И Мерзляков – нарцисс шестидневной любви – был очень гордый, что знает меня. А меня все знали, и я рассказала, что больше всех старалась Полина, мордовская сука, и метила меня в любовницы генерала-изменника, и это неправда, потому что Владимир Сергеевич про меня собирался повесть писать и уже заготовил либретто для оперы, а они все разом загудели и за головы схватились, словно их самих объявили любовниками головореза – вот какие они были, новые друзья! не в пример Шохрату – полное взаимопонимание и замшевые курточки, все прилично. А Борис Давыдович, богатырь, глядя на меня, как на собственную дочь, говорит: знаете, кого она мне напоминает? А женщины вокруг говорят: расскажите, пожалуйста! Там были и женщины. Они много курили, помоложе – сигареты, постарше – «Беломор», они очень много курили, и у них были желтые пальцы, некрасивые зубы и суровые, скупые лица, а когда они улыбались, они улыбались одними губами, а когда смеялись – потом по-мужски кашляли и смахивали крупные слезы, они были радушны и очень печальны, и когда их спрашивали: как дела? – они отвечали: плохо!
Борис Давыдович был когда-то молодой офицер. Помнится, начал он, как в Германии перед самым концом войны ко мне подошла одна немка, спросила: – Господин офицер, не хотите ли пойти со мной? – Я был молодой и бесстрашный, отвечаю: ну, что же, пойдем! Только, говорю по-немецки, вы случайно не больная? Нет, отвечает, как вы можете так подумать? Ну, пошли. Взяла меня под руку, и мы пошли вперед по развалинам и по могилам, как писал Гёте, к ней домой, в ее чистую квартирку с потрескавшимся от военных действий потолком. Вы, говорит, не возражаете, если я потушу свет? ну, имеются в виду свечи в старинных бюргеровских канделябрах. Ну, что ж, не возражаю, только, собственно, зачем тушить? Как поется во французской песенке: «Мари-Элен, не задувай огня…» Он лукаво оглядел слушательниц. Слушательницы улыбались одними губами. Ах! – говорит моя юная Гретхен. – Я честная девушка, я от голода вас пригласила. И потому, – делает книксен, – я вас стесняюсь. Ну, ладно. Может быть, вы сначала покушаете? – спрашиваю я, держа в руках американскую тушенку и хлеб.
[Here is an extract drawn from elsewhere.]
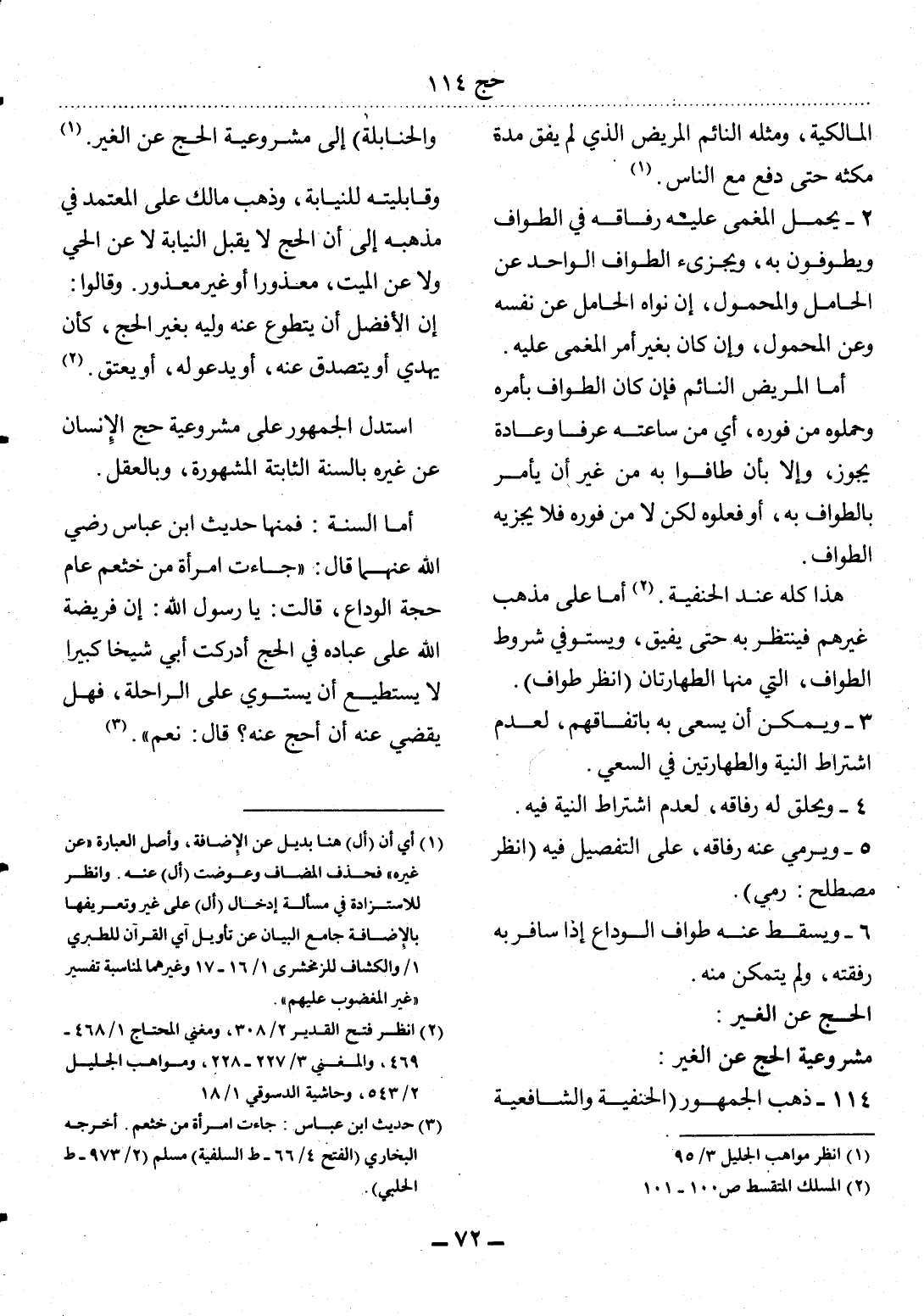 (2) انظر فتح القدير 2 / 308، ومغني المحتاج 1 / 468 - 469، والمغني 3 / 227 - 228، ومواهب الجليل 2 / 543، وحاشية الدسوقي 1 / 18.

Потому что, говорю, это тоже не в моих правилах спать с голодной и честной девушкой, а просто очень соскучился и прошу понять меня правильно. Нет, говорит она, я потом, господин офицер, покушаю. Я, говорит, помогая мне снять сапоги, уважаю ваше удовольствие. Только немка может так сказать! Ну, мы с ней раздеваемся в темноте, и она очень ласковая становится. Тут женщины прищурились в ожидании интересного места. Они много курили, но еще больше щурились. А я тоже подумала: что-то немка хитрит, но ничего не сказала, слушаю дальше. А меня, говорит Борис Давыдович, сомнение охватило, уж слишком, чувствую, она ласковая, я взял и зажег свет, смотрю: ба! У нее на этих местах ядовитая сыпь! Ну, все ясно! Вскочил я. А она говорит: господин офицер, я очень кушать хотела!.. Так, говорю, отвечай, сколько наших офицеров у тебя сегодня перебывало? Вы! только вы! клянется она, сложив руки на груди, как невиннейшее создание, а самой не больше двадцати, и груди, скажу я вам, у нее большие и белые. Стою я, значит, полностью ню, с пистолетом в руке и ей р-р-раз по морде! Говори, приказываю, правду! Вы, говорит, десятый. Десятый! Так… Меня прямо как током дернуло.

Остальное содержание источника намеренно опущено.